::: Source data

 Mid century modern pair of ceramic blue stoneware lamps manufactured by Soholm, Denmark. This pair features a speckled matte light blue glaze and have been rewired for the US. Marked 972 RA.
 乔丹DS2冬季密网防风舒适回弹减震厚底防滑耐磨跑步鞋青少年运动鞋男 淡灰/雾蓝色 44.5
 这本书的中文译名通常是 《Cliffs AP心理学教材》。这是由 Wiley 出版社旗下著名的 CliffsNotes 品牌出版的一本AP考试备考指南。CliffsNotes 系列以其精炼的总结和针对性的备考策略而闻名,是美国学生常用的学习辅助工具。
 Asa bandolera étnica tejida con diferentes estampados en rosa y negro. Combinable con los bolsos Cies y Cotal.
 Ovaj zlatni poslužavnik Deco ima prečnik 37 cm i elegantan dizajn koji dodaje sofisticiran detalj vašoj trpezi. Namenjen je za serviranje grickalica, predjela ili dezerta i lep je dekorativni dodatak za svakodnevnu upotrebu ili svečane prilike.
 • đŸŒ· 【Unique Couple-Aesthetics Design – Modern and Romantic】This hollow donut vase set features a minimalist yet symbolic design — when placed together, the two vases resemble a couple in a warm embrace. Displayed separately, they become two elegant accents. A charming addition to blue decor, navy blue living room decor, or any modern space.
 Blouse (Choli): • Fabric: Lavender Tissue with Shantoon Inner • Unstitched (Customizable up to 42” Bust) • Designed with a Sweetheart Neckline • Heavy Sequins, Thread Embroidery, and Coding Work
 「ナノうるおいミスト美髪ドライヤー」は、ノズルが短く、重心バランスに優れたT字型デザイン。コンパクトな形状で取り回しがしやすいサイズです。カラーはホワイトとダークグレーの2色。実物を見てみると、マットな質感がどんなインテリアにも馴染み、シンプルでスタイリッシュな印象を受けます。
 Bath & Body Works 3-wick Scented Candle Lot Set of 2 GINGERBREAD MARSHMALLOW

::::::
::: Source data

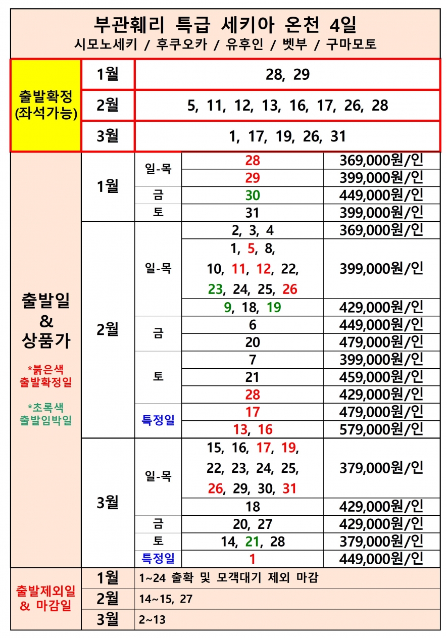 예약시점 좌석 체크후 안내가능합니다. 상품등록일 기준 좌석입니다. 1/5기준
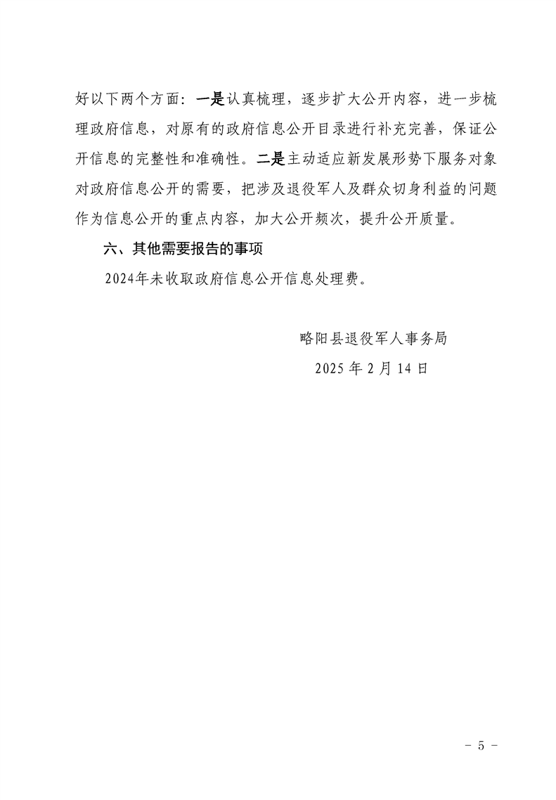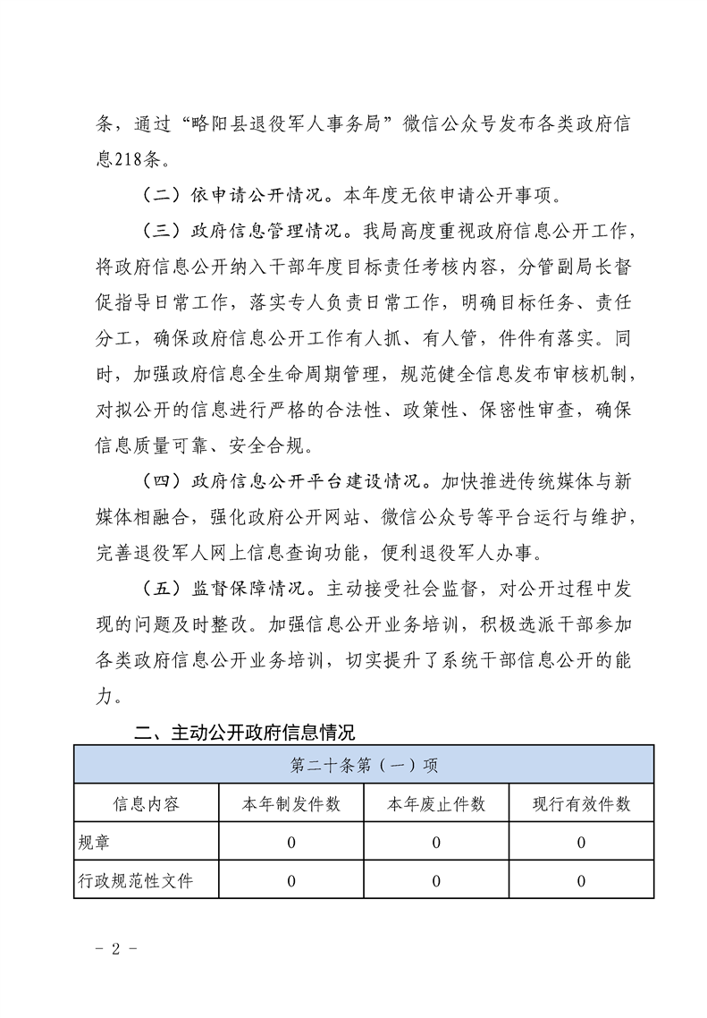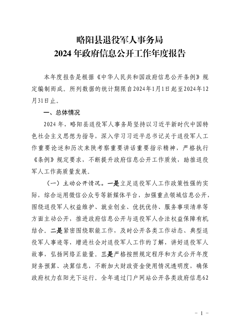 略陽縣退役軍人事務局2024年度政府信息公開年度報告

::::::
::: Source data

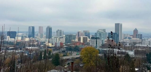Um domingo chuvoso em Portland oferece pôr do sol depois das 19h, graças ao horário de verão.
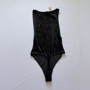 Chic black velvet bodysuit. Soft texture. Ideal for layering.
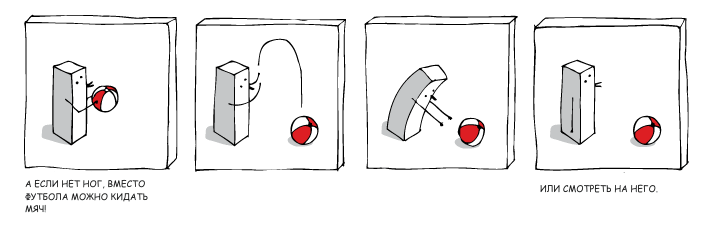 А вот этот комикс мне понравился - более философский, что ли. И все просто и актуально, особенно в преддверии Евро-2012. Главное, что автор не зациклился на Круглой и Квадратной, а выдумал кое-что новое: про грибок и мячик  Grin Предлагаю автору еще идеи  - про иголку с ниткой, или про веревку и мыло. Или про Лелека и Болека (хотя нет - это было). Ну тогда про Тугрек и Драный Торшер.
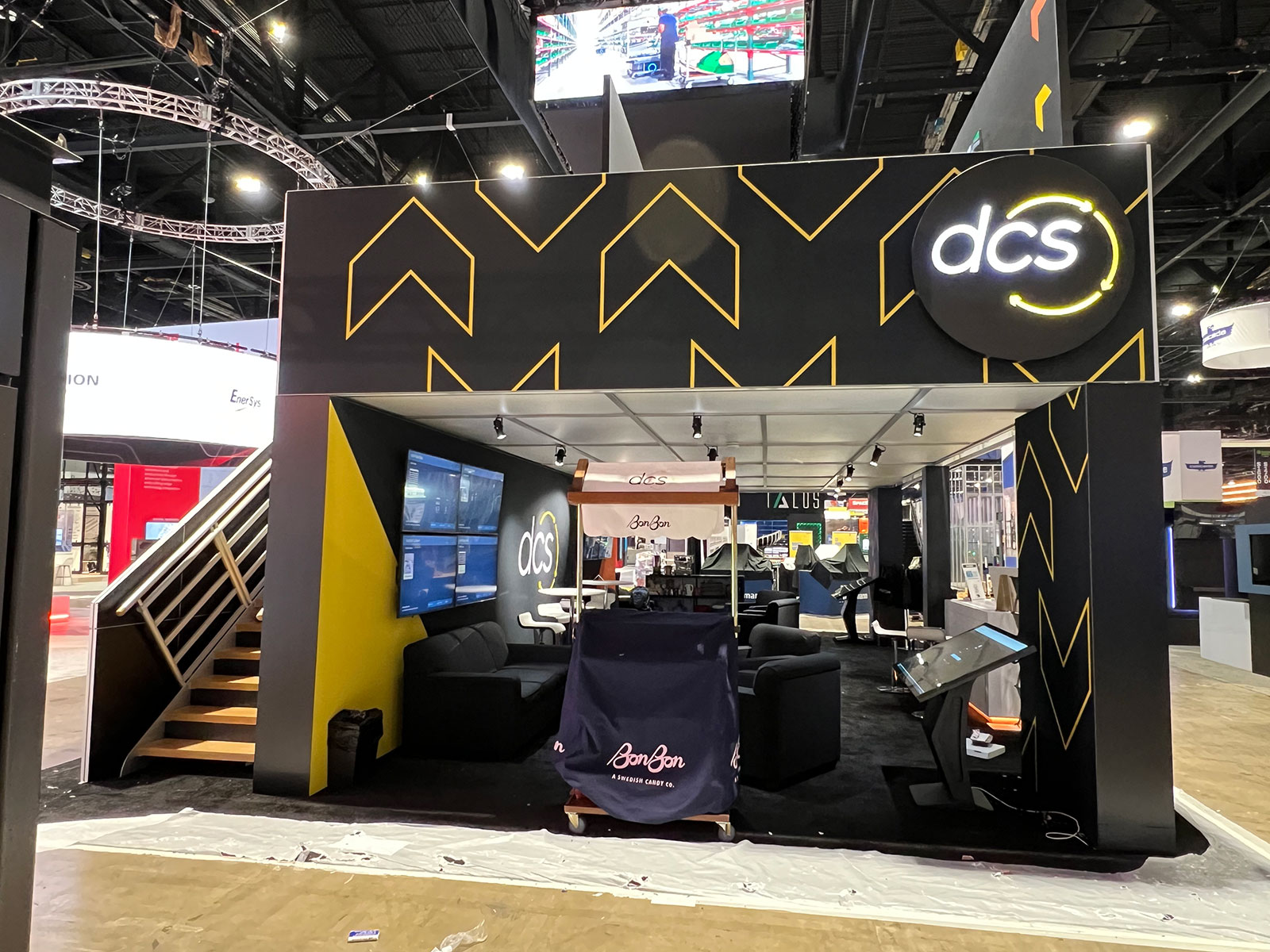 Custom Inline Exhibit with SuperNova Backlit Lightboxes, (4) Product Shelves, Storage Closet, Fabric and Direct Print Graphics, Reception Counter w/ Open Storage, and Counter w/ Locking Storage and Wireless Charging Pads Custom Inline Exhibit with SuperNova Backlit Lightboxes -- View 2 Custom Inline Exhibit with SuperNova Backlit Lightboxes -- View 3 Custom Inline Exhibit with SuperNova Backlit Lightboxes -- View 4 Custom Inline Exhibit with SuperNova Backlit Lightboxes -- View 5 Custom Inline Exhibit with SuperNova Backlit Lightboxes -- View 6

::::::

Using the listing above, return word for word each line from the one that has "Mid century modern" through the one that has "这本书的中文译名通常是 《Cliffs AP心理学教材》。这是由", and no line outside that range.

Answer to this exercise:
 Mid century modern pair of ceramic blue stoneware lamps manufactured by Soholm, Denmark. This pair features a speckled matte light blue glaze and have been rewired for the US. Marked 972 RA.
 乔丹DS2冬季密网防风舒适回弹减震厚底防滑耐磨跑步鞋青少年运动鞋男 淡灰/雾蓝色 44.5
 这本书的中文译名通常是 《Cliffs AP心理学教材》。这是由 Wiley 出版社旗下著名的 CliffsNotes 品牌出版的一本AP考试备考指南。CliffsNotes 系列以其精炼的总结和针对性的备考策略而闻名,是美国学生常用的学习辅助工具。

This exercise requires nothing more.